I first heard about Barry Schwartz and his TED talk, The Paradox of Choice, from an acquaintance. I watched it that very evening, and as both a leader and a coach, I was surprised to recognize so many aspects of my experience.
Schwartz poses a simple yet unsettling question: why do more options often make you feel worse?
Too many choices, too little peace of mind
Your daily life is filled with decisions. Where shall you go on holiday? What shall you have for lunch? Which school or extracurricular activity should you choose for your child? Which film shall you watch this evening? Where should you work, where should you live, which task should you start with, and which solution should you choose for a problem?
Some decisions carry more weight than others, but they all share one thing: you must constantly choose.
The greater the perceived stakes, the more final the consequences seem and the more options you have, the harder it becomes to decide. And even once you have made a decision, you often do not feel satisfied. The question lingers in your mind: ’What if I had made another decision?’
The paradox of choice
Barry Schwartz calls this the paradox of choice: the more options available to you, the greater the likelihood that you will ultimately feel less satisfied.
An abundance of options does not liberate you. It paralyses you. It does not reassure you. It creates anxiety. It does not make you happier.
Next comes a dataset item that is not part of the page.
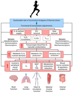 Fonte: Travers G, Kippelen P, Trangmar SJ, González-Alonso J. Physiological Function during Exercise and Environmental Stress in Humans—An Integrative View of Body Systems and Homeostasis. Cells. 2022; 11(3):383.

It leaves you with doubt.
How then can you make sound decisions?
If you accept this, the question follows: how can you live in a balanced way and make good decisions in your life and at work?
Perhaps by letting go of the desire for the perfect decision.
Not the perfect, but the optimal
The solution is not to search relentlessly for the ’absolute best’ option; it is to aim for an optimal one.
This means making a decision based on:
- your current knowledge,
- the information available to you,
- your preferences,
- and your present life circumstances.
Not in hindsight, not by weighing every possible scenario, but here and now, based on what is available to you.
The liberating power of decisions
Yet striving for the optimal – rather than chasing perfection – dissolves the paralysing effect of decision-making and significantly reduces the stress that comes with it.
Perhaps the real gain is not making the ’best’ decision, but being able to decide and move forward.